Supplied entries
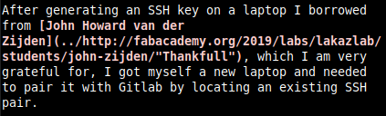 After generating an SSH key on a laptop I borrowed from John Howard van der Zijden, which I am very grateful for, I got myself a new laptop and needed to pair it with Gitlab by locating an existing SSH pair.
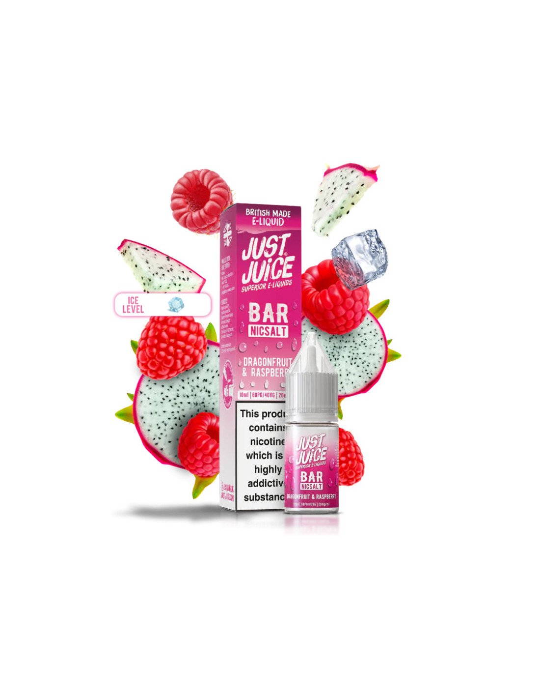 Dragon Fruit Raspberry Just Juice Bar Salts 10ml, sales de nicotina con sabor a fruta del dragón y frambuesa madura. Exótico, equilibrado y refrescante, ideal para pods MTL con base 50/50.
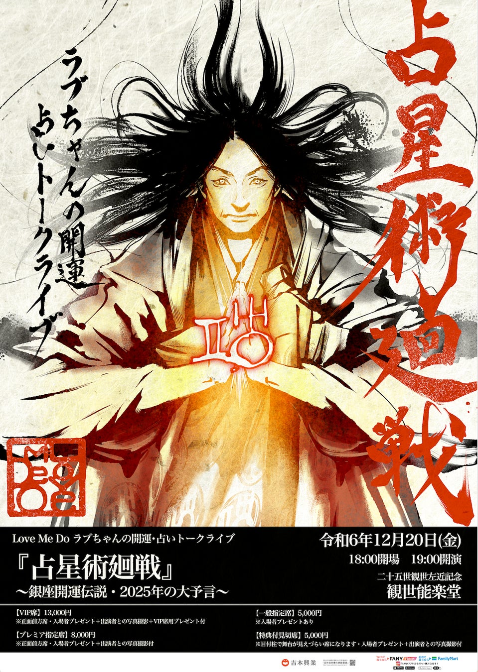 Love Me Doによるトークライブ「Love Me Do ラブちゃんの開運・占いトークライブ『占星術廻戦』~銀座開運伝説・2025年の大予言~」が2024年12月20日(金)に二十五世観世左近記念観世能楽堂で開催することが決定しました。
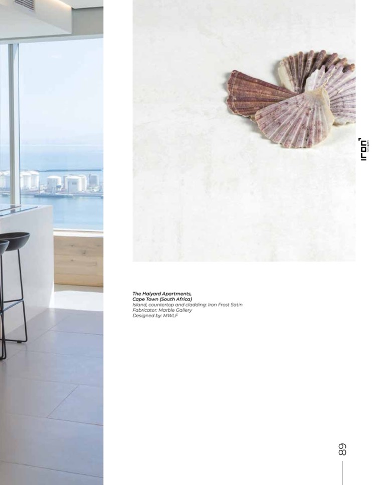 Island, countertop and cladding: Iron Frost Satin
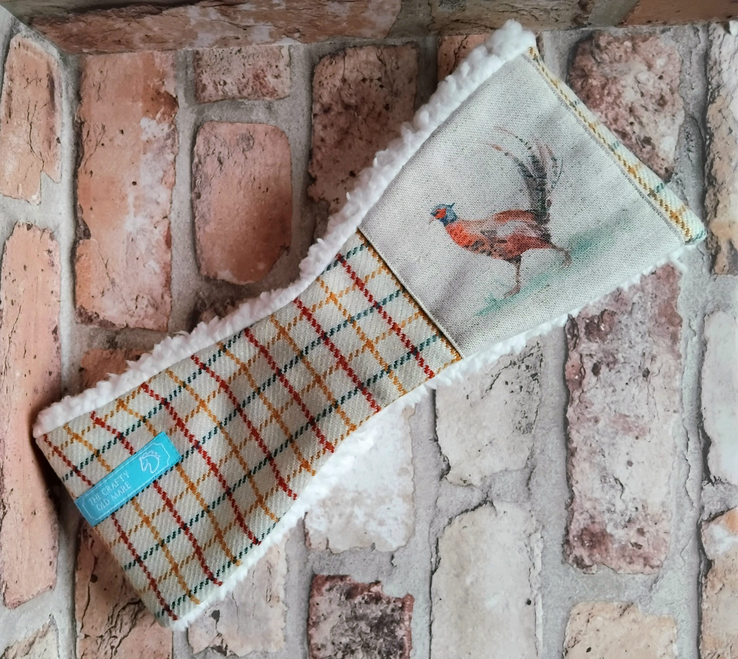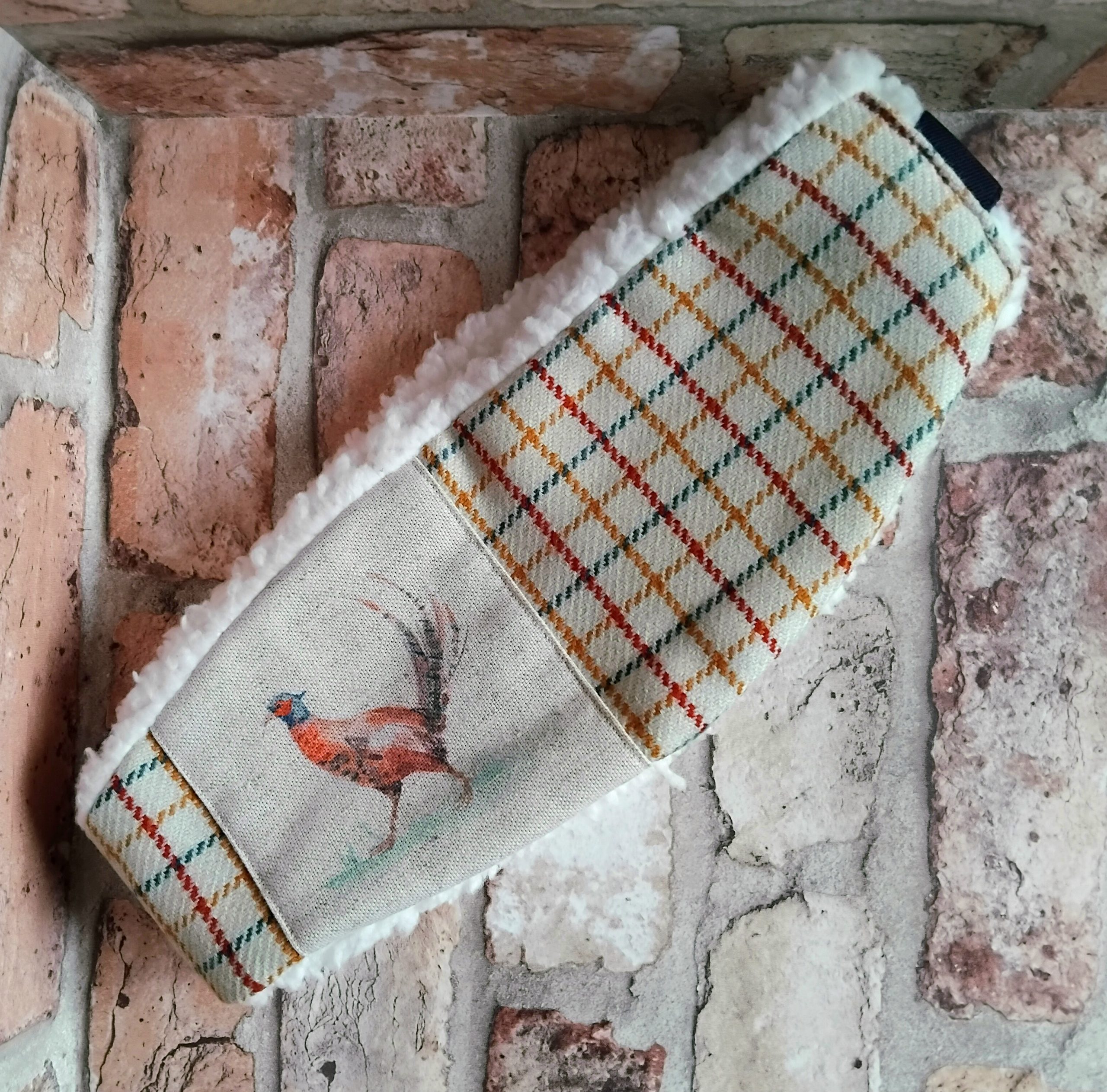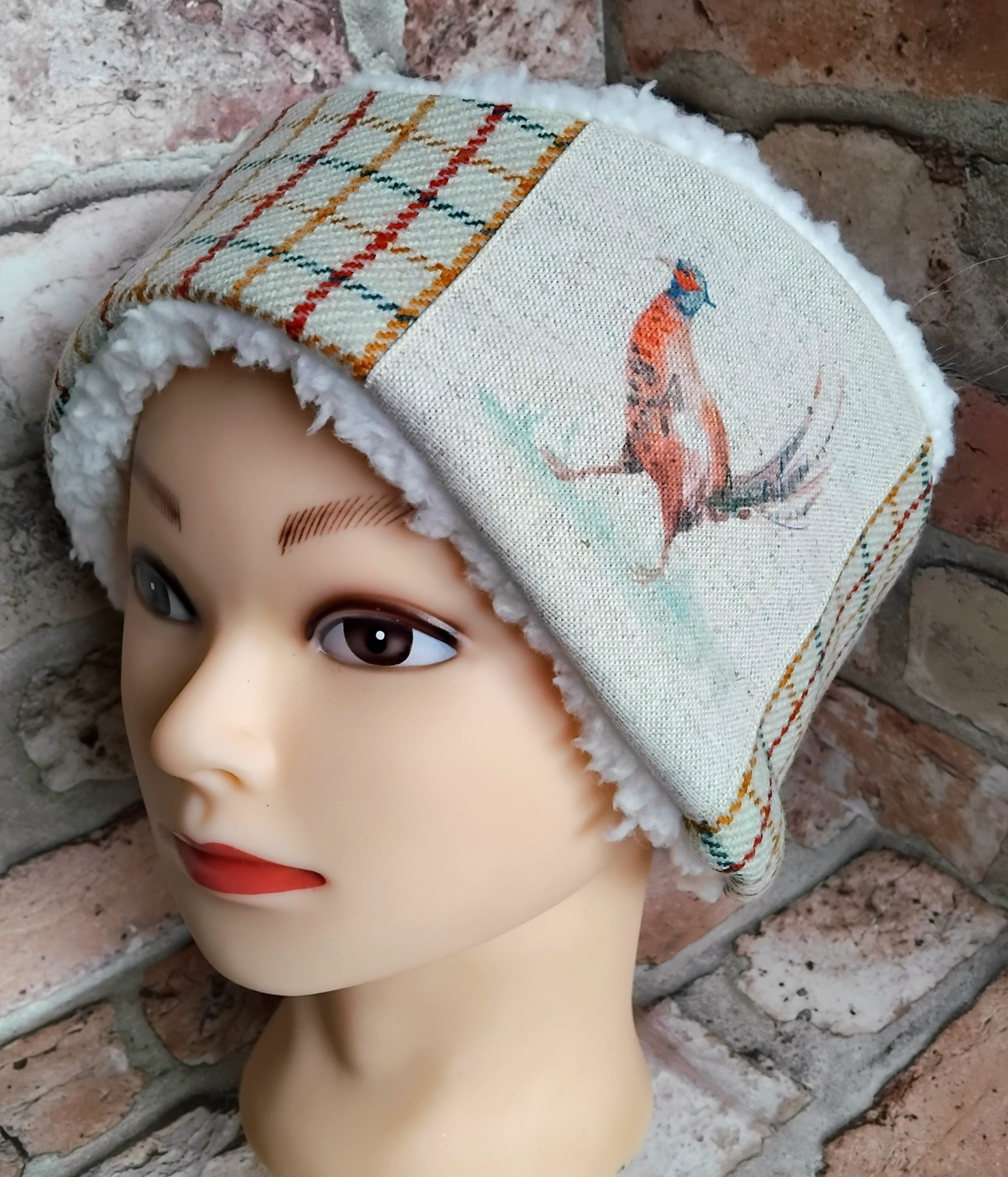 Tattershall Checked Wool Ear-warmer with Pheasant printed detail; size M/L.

Exercise directions
Repeat the material above precisely as it appears, omitting the images it contains.

Response
 After generating an SSH key on a laptop I borrowed from John Howard van der Zijden, which I am very grateful for, I got myself a new laptop and needed to pair it with Gitlab by locating an existing SSH pair.
 Dragon Fruit Raspberry Just Juice Bar Salts 10ml, sales de nicotina con sabor a fruta del dragón y frambuesa madura. Exótico, equilibrado y refrescante, ideal para pods MTL con base 50/50.
 Love Me Doによるトークライブ「Love Me Do ラブちゃんの開運・占いトークライブ『占星術廻戦』~銀座開運伝説・2025年の大予言~」が2024年12月20日(金)に二十五世観世左近記念観世能楽堂で開催することが決定しました。
 Island, countertop and cladding: Iron Frost Satin
 Tattershall Checked Wool Ear-warmer with Pheasant printed detail; size M/L.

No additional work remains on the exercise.